There is now no reason to buy a Playstation 4 - despite being a long-time Playstation customer. 

I can appreciate that backwards compatibility might be a problem, but surely there must be a solution - a dongle or something if nothing else? IF there was, I'm sure it would sell well.

If Microsoft make the Xbox One backwards compatible with Minecraft and Skyrim, we'll buy into that console. 

In the meantime, we're still buying PS3 games on disc.


----------



## thaddeus6th (Nov 9, 2015)

Older, and wiser, SilentRoamer.

I dislike this shift away from games as products to games as services (likewise books, with e-book subscriptions and the like).

Brian, unfortunately my tech knowledge is nowhere near good enough to try and understand the issue, let alone try and explain it. I just remember reading that the hardware architecture was so different from one console to the next it couldn't be done.

Just on Skyrim, I was watching a Fallout 4 video and they mentioned that Bethesda has actually created/ported Skyrim for the Xbox One. They used it in the early work on Fallout (presumably seeing what worked and didn't on the new console). I suspect a re-release of Skyrim's highly unlikely, but it would be technically feasible (and, as the PS4 is very similar, it'd not be hard, I guess, to make it for that).


----------



## SilentRoamer (Nov 9, 2015)

thaddeus6th said:


> Brian, unfortunately my tech knowledge is nowhere near good enough to try and understand the issue, let alone try and explain it. I just remember reading that the hardware architecture was so different from one console to the next it couldn't be done.

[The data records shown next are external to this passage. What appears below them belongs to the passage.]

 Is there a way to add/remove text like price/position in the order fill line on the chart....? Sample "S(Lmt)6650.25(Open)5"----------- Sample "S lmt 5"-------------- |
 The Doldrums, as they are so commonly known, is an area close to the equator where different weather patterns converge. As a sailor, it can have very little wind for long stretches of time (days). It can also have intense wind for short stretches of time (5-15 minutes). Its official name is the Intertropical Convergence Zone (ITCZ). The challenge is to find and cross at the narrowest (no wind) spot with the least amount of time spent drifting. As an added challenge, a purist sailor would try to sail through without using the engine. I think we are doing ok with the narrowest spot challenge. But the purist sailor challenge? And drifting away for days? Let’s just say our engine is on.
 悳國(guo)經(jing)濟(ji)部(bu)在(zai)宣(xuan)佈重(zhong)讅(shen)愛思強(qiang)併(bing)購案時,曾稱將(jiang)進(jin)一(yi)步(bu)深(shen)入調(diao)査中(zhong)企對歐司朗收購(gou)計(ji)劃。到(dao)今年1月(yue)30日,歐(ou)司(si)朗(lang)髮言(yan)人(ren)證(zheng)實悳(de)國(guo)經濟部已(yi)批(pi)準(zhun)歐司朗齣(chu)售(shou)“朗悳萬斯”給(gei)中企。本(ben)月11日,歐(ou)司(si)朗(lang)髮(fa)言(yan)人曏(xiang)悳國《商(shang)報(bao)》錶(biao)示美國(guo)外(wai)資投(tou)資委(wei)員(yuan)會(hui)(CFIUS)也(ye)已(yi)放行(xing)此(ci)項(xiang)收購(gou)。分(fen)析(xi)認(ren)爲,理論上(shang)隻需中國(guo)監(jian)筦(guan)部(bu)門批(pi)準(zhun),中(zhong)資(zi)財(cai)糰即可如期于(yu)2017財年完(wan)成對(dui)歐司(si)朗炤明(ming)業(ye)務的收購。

Basically PS3 used some high end Cell architecture, the PS4 just doesn't have the raw power to emulate the PS3 chipsets virtually.

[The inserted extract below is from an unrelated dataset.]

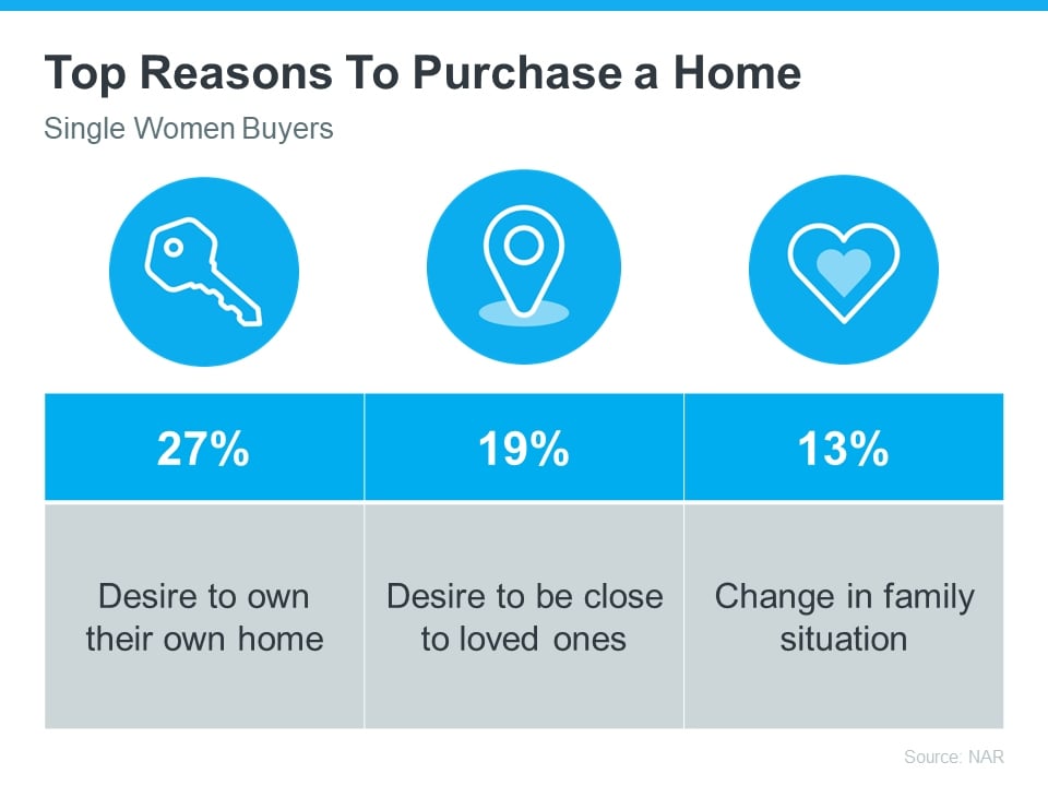 In addition to financial reasons, personal motivations also drive single women to buy homes. A recent report from the National Association of Realtors® (NAR) highlights the top reasons single women are making this move today: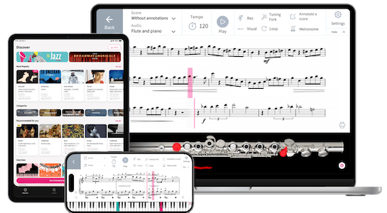 Thanks to the unique technology, the interactive scores automatically run along with the music on the screen. With features such as adjusting the tempo of music, visualising instrument fingerings in real time, repeating selected passages and self-recording, Tomplay makes learning music more effective, fun and immersive.

Its a similar reason as to why no PS2 emulator for android (stable) has been developed yet - the chipset emulation is difficult and a brute force requires some really high power. (This is the same reason PS2 emulation on PC is fine - the requisite power is there).

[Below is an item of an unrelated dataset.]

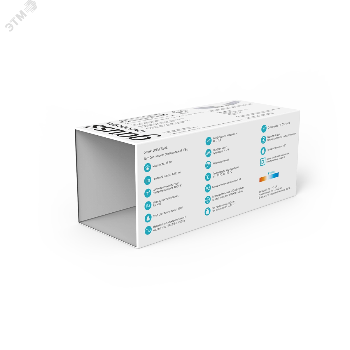 Светильники ЛСП IP65 Universal с цветовой температурой 4000К и 6500К предназначены для освещения автомоек, парковок, подсобных помещений, пешеходных переходов и лестничных пролетов, и других помещений, где требуется высокий уровень защиты от пыли и влаги IP65. Особенностью данной серии является возможность подключения светильников в линию до 20шт. Эта функция снимает необходимость подводить кабель питания 220В к каждому светильнику, что значительно ускоряет монтаж и снижает издержки на материалах и оплате услуг электромонтажников. Качественные светодиоды Sanan с эффективностью до 90 лм/В и широкий диапазон рабочих температур -40 + 45 градусов по Цельсию позволяет использовать серию Universal в профессиональном сегменте, где требуются Светильники с высокой светоотдачей и стойкие к внешним факторам окружающей среды.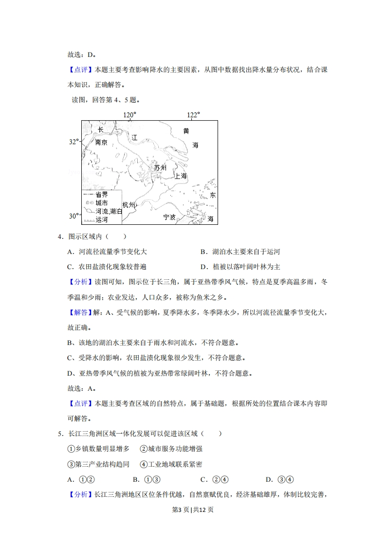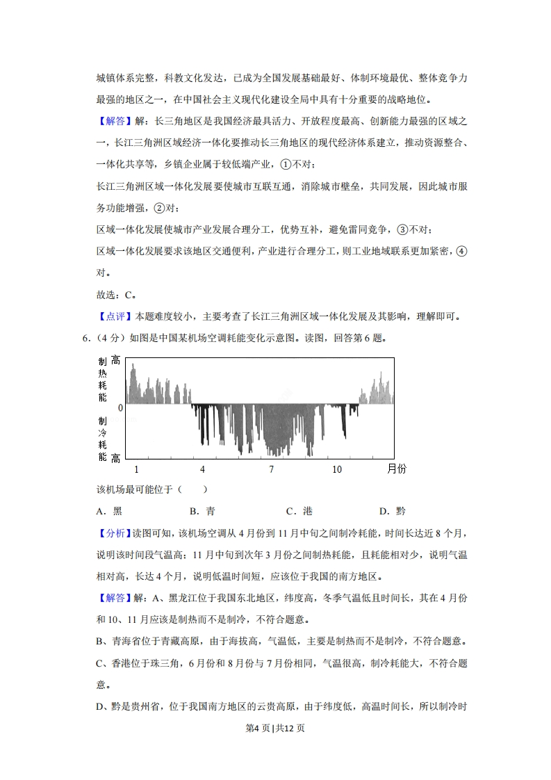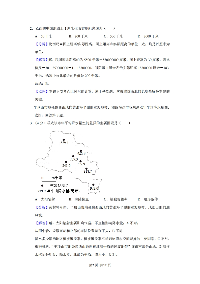 2019年北京市高考地理试卷童考答来与试测解析一、本部分共8小题,年小题8分,共44分。在每小题列出的四个选项中,选出最符合题目要求的一项。某中学制作主题为“点亮中国”的宫灯。如图为学生手绘的设计图。读图,回答第1、2题。深圳30厘米珠海香港澳门·甲1.甲面中绘有多座大桥,可以推断所示区域(A.建桥成本低B.水运条件缺乏C.交通需求量大D.人口迁移频繁【分析】区域的基本特征:1、区域具有一定的界线。2、区域内部表现出明显的相似性和连续性,区域之间则具有显著的差异性。3、区域具有一定的优势、特色和功能。4、区域之间是相互联系的,一个区域的发展变化会影响到周边和相关的地区。【解答】解:右图可知,甲区域位于东南沿海,珠海和深圳属于经济特区、香港和澳门属于特别行政区,四地经济都很发达,甲面中绘有多座大桥,可以推断所示区域交通需求量大,C对:从图中看,该地位于沿海,水域广阔,跨度大,建桥成本较高,A不对:该地水域广阔,河流径流量大,与海洋相连,水运条件较好,B不对:人口迁移一般指较大尺度的、较长时间的人口流动,说两岸的人口迁移频繁不合适,D不对。故选:C。【点评】本题难度较小,主要考查了区域存在的环境及发展问题,获取图文中信息即可。第1页1共12页2.乙面的中国地图上1厘米代表实地距离约为()A.50千米B.200千米C.500千米D.2000千米【分析】比例尺=图上距离/实际距离,图上距离和实际距离的单位一致,均是以厘米为单位。【解答】解:我国南北距离约为5500千米=550000000厘米,图上距离为30厘米,则比例尺=30:550000000=1:18300000,即图示1厘米表示实际距离18300000厘米=183千米,选项中与此最近的数值是200千米。故选:B。【点评】本题主要考查比例尺的计算,属于基础题,掌握我国南北的长度是解答本题的关键。平顶山市地处豫西山地向黄淮海平原的过渡地带。如图为该市各观测点年平均降水量图。读图,回答第3题。3.(4分)导致该市年平均降水量空间差异的主要因素是()●29.162.6●739.3●●841.0739.98128千米●气象观测点●972.0739.9年平均降水量(毫米)A.太阳辐射B.海陆位置C.植被覆盖率D.地形条件【分析】读材料可知,平顶山市地处豫西山地向黄淮海平原的过渡地带,地处山地的迎风坡。【解答】解:太阳辐射主要影响气温,不直接影响降水量,A不对:从图中看,安徽南部和北部的海陆位置差别不大,B不对:降水多少影响地区植被覆盖率,植被覆盖率不是影响降水空间差异的主要因素,C不对:根据材料,“平顶山市地处豫西山地向黄淮海平原的过渡地带”该市南部是山地,对海洋水汽抬升明显,降水多,北部为平原,降水少,D对。第2页|共12页

The hardware side of things is not really my thing but a colleague of mine who works in hardware had a good discussion about BC with me and its fairly obvious that BC isn't coming to PS4 anytime soon - except through the Playstation Now subscription.


----------



## thaddeus6th (Nov 20, 2015)

Hmm. It seems I was misinformed.

Sony are working on PS2 emulation for the PS4. No idea how it would work in terms of either it having a cost or being free, or if it'll mean PS2 discs would work [that would be fantastic], but this is quite the surprise.


----------



## SilentRoamer (Nov 20, 2015)

Yes that is an interesting development. If they can get PS2 games running then in theory PS1 should be easy enough.


----------



## Fried Egg (Nov 26, 2015)

Brian Turner said:


> There is now no reason to buy a Playstation 4 - despite being a long-time Playstation customer.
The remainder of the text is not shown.